L’interpolation est claire, et c’est un fait admis par Funk, Bonwetsch, etc. Les noms des consuls [qui devaient être Fufius et Rubellius] sont erronés ; le Christ vit trente-trois ans ; dans l’Hippolyte authentique, trente et un ; ces détails minutieux n’ont rien de commun avec ceux du millénariste Sévérien ; de plus, il est peu croyable qu’Hippolyte ait connu ces particularités, alors que ses contemporains (Clément, Tertullien, etc.), en traitant ce sujet, l’ignorent ou gardent le silence ; ou que, après l’avoir publié, il soit demeuré sans de telles annotations (Kellner, op. cit., p. 104, a un excursus sur ce passage).

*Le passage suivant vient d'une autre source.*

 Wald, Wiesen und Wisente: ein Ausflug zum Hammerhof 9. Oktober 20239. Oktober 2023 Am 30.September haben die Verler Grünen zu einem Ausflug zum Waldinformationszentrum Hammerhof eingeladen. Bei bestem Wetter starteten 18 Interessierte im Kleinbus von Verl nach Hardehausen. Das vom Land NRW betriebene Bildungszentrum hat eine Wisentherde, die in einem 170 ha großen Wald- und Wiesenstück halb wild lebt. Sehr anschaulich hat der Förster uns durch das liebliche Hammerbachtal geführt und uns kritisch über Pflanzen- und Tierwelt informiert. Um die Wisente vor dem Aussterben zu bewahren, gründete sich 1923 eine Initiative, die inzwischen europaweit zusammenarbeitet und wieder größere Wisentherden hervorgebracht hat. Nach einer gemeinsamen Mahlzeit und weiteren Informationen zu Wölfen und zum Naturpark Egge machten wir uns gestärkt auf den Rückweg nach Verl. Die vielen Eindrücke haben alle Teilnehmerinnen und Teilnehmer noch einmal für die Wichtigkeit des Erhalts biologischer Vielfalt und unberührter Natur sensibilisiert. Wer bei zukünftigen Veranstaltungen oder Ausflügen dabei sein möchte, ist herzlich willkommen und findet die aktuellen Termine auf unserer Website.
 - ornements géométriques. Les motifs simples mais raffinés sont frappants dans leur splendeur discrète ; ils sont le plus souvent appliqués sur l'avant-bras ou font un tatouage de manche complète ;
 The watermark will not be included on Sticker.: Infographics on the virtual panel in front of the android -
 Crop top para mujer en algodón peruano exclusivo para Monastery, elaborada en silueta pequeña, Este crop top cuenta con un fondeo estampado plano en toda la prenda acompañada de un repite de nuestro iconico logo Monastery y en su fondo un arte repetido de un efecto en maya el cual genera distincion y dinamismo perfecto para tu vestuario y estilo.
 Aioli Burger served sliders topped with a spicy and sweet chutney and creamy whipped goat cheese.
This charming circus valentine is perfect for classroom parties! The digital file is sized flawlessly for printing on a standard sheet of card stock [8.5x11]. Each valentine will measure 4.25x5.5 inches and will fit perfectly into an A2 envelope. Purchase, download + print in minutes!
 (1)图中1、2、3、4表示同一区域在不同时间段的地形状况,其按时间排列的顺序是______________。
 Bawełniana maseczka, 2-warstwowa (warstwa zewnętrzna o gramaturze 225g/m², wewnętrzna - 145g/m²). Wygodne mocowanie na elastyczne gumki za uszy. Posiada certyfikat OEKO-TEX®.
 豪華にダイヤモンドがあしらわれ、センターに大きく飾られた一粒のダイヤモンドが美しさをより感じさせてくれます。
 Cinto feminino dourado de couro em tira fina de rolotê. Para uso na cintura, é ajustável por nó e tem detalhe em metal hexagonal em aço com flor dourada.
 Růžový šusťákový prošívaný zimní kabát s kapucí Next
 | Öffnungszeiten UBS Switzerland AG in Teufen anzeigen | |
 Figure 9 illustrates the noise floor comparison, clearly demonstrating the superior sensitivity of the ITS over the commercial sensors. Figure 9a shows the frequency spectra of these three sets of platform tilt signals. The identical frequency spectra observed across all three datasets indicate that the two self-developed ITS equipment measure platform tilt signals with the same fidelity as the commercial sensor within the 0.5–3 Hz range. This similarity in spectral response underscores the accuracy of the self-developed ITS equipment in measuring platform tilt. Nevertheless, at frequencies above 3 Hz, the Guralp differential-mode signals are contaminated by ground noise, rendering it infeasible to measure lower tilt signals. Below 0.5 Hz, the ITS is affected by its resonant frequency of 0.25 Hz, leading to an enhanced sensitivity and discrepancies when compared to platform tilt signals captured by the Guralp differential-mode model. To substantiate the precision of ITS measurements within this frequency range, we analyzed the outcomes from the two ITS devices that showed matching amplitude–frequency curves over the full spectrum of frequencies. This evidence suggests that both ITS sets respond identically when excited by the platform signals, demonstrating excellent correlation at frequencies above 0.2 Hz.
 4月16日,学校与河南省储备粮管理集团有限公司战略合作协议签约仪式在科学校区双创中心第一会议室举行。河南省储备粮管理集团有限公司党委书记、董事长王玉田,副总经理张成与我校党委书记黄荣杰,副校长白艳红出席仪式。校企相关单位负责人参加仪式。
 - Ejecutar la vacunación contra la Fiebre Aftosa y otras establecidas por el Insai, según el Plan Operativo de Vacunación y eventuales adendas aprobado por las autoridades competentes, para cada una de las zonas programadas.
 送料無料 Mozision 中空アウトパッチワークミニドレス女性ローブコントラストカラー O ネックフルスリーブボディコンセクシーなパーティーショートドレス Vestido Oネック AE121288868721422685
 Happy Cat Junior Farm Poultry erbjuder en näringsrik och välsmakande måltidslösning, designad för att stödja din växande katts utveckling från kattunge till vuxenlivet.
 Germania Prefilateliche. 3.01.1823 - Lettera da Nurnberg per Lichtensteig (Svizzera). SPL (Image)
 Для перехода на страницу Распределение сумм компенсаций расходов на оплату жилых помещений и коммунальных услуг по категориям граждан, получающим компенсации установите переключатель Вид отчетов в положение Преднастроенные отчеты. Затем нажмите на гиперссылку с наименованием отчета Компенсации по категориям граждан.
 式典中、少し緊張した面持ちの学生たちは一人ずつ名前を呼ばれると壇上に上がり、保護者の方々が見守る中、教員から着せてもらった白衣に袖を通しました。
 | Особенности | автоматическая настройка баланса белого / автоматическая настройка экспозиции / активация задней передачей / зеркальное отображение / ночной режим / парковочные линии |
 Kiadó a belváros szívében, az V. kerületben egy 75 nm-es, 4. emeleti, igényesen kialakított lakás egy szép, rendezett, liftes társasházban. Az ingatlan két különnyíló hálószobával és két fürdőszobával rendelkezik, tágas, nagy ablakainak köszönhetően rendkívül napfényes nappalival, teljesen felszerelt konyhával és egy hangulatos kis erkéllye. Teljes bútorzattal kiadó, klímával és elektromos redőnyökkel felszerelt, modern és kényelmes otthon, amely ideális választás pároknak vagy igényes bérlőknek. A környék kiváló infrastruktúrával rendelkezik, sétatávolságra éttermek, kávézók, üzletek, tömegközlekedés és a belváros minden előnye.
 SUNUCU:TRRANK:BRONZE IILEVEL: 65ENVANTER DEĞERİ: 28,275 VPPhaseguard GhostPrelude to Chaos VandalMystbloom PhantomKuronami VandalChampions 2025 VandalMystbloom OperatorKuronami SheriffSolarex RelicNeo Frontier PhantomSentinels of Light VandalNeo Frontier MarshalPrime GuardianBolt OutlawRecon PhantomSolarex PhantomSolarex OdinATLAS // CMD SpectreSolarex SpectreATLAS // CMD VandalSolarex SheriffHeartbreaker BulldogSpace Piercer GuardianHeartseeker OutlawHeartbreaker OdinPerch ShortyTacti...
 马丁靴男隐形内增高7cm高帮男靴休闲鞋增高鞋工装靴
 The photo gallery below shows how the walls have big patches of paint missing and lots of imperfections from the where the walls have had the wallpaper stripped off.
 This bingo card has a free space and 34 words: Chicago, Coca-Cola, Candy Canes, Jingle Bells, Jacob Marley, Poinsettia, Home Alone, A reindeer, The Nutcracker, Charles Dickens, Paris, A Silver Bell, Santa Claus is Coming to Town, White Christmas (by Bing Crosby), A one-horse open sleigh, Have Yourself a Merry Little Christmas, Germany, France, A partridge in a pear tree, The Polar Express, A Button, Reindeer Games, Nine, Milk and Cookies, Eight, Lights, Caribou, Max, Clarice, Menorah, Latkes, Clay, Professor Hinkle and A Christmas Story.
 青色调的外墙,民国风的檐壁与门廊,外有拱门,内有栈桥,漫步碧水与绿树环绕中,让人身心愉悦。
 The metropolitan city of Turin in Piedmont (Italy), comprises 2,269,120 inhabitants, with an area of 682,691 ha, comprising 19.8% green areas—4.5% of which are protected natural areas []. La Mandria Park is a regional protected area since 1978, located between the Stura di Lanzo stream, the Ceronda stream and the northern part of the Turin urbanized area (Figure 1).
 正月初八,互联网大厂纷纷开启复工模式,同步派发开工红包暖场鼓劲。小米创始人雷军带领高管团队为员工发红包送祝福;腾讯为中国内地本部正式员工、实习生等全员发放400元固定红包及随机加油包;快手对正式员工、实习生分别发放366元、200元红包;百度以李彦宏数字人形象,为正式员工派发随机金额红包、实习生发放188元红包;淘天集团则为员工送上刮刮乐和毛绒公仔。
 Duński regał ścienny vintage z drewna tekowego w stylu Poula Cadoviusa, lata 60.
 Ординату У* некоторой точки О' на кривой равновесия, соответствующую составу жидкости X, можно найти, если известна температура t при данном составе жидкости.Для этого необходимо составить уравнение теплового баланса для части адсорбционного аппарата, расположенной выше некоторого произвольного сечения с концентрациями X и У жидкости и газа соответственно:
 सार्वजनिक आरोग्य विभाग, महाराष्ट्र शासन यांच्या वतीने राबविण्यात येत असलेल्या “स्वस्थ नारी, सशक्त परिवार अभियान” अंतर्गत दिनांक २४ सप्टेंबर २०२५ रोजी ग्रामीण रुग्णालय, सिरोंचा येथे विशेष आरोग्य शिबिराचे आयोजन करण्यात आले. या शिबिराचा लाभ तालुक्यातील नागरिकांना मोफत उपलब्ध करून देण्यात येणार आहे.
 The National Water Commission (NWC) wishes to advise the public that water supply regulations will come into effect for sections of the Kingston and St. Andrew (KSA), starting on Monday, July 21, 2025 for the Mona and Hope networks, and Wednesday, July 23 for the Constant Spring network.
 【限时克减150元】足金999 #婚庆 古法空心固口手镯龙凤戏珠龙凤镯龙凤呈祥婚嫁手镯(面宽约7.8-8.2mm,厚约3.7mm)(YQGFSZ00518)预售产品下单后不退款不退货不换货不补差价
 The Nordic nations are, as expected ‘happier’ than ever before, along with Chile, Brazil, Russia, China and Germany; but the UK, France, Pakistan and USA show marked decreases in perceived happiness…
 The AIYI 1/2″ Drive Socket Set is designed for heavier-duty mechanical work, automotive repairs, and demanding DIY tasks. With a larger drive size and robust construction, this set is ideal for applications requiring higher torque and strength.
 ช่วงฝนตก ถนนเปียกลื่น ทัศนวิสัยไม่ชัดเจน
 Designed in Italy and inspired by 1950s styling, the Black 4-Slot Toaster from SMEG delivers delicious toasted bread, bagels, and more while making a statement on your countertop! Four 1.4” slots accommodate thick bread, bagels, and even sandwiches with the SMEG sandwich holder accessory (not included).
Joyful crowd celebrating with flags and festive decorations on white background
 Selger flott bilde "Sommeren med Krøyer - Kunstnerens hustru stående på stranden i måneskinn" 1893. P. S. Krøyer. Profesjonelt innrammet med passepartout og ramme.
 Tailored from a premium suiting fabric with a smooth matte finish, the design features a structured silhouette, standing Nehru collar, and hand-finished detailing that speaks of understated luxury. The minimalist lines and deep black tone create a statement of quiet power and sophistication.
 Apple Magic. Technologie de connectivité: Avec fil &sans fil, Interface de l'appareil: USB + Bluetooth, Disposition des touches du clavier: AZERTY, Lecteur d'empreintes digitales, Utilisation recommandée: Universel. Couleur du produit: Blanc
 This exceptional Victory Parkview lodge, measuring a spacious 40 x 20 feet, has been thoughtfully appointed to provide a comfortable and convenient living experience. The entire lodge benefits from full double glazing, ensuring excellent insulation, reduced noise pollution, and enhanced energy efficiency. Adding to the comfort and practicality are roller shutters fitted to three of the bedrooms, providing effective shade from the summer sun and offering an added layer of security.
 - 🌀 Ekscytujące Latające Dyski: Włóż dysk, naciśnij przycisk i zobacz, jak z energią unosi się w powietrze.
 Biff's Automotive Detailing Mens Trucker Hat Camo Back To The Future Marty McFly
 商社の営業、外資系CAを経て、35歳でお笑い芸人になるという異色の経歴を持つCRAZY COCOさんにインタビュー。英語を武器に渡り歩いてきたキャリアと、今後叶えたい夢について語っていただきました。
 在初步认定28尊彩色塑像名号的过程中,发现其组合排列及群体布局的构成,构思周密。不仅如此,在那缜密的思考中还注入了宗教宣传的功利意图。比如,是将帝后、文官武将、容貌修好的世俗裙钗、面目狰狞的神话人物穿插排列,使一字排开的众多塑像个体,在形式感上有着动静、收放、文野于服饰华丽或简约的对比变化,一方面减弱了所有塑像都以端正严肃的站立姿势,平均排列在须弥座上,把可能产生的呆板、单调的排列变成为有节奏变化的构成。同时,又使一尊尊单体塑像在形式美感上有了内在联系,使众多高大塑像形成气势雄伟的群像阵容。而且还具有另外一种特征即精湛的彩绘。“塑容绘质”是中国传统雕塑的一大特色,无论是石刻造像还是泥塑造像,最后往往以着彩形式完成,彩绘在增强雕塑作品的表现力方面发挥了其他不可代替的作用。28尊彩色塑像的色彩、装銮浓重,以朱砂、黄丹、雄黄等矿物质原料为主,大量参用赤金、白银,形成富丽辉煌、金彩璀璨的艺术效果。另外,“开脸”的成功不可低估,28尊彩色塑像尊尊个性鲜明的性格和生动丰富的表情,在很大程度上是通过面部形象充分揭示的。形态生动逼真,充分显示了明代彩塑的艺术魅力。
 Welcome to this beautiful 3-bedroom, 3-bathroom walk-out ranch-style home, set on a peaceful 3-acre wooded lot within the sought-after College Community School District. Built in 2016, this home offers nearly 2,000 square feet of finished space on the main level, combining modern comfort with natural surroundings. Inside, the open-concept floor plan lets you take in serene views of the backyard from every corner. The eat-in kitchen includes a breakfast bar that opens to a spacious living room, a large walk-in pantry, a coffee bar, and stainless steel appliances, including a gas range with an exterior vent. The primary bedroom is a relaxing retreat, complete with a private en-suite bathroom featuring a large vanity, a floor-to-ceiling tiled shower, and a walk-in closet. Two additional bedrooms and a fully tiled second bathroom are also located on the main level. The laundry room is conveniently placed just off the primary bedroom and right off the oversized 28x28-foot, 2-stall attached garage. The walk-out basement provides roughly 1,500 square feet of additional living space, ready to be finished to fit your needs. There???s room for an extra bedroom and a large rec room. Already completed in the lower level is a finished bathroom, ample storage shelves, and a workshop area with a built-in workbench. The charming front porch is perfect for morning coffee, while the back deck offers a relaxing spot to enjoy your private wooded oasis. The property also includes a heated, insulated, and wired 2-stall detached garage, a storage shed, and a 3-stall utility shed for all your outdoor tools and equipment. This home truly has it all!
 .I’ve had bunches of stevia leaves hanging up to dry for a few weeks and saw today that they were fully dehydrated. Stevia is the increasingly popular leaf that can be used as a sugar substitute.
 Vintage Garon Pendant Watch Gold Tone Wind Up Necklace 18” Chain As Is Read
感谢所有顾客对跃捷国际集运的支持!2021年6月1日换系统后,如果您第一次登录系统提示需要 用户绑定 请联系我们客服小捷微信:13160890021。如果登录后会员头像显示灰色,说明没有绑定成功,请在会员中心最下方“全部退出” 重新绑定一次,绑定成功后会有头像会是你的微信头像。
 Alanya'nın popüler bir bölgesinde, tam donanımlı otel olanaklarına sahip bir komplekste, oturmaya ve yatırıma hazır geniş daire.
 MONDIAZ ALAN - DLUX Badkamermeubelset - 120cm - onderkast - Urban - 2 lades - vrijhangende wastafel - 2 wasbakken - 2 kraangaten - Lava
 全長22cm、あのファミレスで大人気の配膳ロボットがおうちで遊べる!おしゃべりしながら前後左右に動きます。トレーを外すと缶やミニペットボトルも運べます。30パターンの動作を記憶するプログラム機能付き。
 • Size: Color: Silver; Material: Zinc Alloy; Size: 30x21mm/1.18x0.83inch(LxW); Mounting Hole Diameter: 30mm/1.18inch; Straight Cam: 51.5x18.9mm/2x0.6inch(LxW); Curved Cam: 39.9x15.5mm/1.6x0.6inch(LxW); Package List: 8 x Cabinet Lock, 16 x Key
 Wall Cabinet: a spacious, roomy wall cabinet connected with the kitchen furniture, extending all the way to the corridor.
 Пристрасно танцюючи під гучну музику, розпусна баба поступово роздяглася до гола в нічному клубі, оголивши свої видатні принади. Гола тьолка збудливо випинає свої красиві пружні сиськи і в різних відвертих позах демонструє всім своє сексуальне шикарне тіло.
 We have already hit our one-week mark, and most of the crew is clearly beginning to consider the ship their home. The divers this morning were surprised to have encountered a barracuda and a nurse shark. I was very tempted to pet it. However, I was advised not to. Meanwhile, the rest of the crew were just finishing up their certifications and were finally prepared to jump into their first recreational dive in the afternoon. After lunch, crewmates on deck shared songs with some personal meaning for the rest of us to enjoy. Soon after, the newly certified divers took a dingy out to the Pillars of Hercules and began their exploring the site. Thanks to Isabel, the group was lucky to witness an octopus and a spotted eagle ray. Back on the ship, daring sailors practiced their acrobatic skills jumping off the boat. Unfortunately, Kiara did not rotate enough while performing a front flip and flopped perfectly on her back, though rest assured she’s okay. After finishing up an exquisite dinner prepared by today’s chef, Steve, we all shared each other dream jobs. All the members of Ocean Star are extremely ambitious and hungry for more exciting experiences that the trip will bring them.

Saint Ambroise (de virg., III, 1, dans P.L., XVI, 219) a conservé un sermon prêché par le pape Libère Ier à Saint-Pierre, lorsque, le jour de Natalis Christi, Marcelline, la sœur d’Ambroise, prit le voile. Le pontificat de ce pape alla de mai 352 à 366, hormis les années 355–357, époque durant laquelle il fut exilé. Si Marcelline se fit religieuse après l’âge canonique —vingt-cinq ans— et si Ambroise naquit en l’an 340, il est fort probable que ce fait se produisit après 357. Bien que le sermon abonde en références appropriées à l’Épiphanie (les noces de Cana, la multiplication des pains, etc.), cela tient apparemment (Kellner, op. cit., p. 109) à un ordre dans sa pensée, et non à ce qu’il aurait été prononcé le 6 janvier, une fête qui ne fut connue à Rome que bien plus tard. Néanmoins, Usener soutient (p. 272) la thèse que Libère le prêcha à cette date, en 353, instituant la fête de la Nativité en décembre de cette même année ; mais Philocalus justifie notre supposition que cette fête précéda son pontificat de quelque temps, bien que Duchesne la relègue à 243 (Bull. crit., 1890, 3, pp. 41 ss.), ce qui n’est guère à louer.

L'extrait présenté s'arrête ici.